The organisation said it had independently verified 33 cases and cited another prisoner who claimed that at least 130 inmates were known to have recovered from the virus.
“This brutal and coordinated attack on political prisoners is the largest since March 2015 and is clearly a response to growing public anger at their failure to control the spread of coronavirus through Bahrain’s prisons,” said Sayed Ahmed Alwadaei, director of BIRD, in a statement.
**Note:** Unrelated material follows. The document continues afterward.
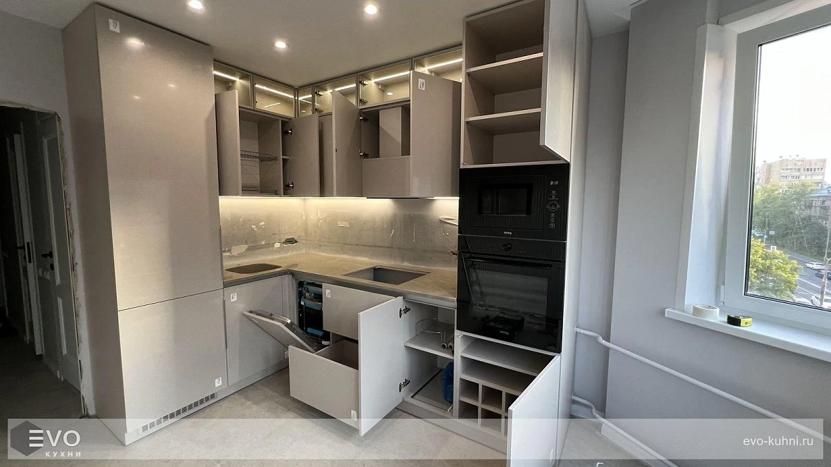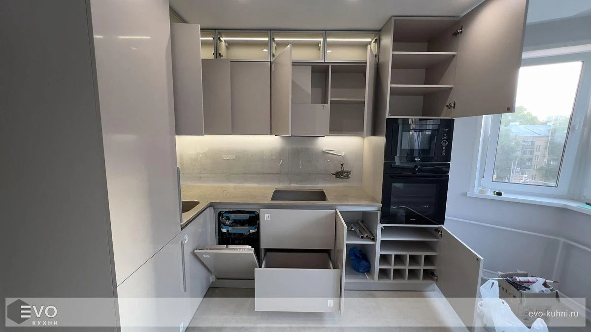 Кухни все изготавливаются по индивидуальному заказу. Мы подготовим дизайн-проект под любое помещение и конфигурацию. В зависимости от выбранных фасадов сможем изготовить нестандартные модули и размеры. Однако есть редкие исключения видов фасадов, по которым невозможны нестандарты, об этом вас предупредит дизайнер при выборе материалов для проекта.

“The families of those injured during the attack are beset with worry at the fate of their loved ones; Bahrain must immediately clarify their whereabouts and permit them to call their relatives.”
'Chaos and violence'
In a statement released shortly after the incident, the Bahrain Interior Ministry said "security and legal procedures were taken today against [prisoners], in which they were involved in chaos and violence against police personnel”.
Dozens of detainees, including long-term political prisoners, have already been released in the kingdom following protests by their families over the spread of Covid-19.
They said officials had vowed to release 126 prisoners and 73 other detainees but only 166 had walked out so far from the jail in Faw, in the east of the country, including Mohamed Jawad, 75, an uncle of prominent rights activist Nabeel Rajab who has spent 10 years behind bars.
Electronic tags will be attached to those released as they serve out the rest of their terms, activists said.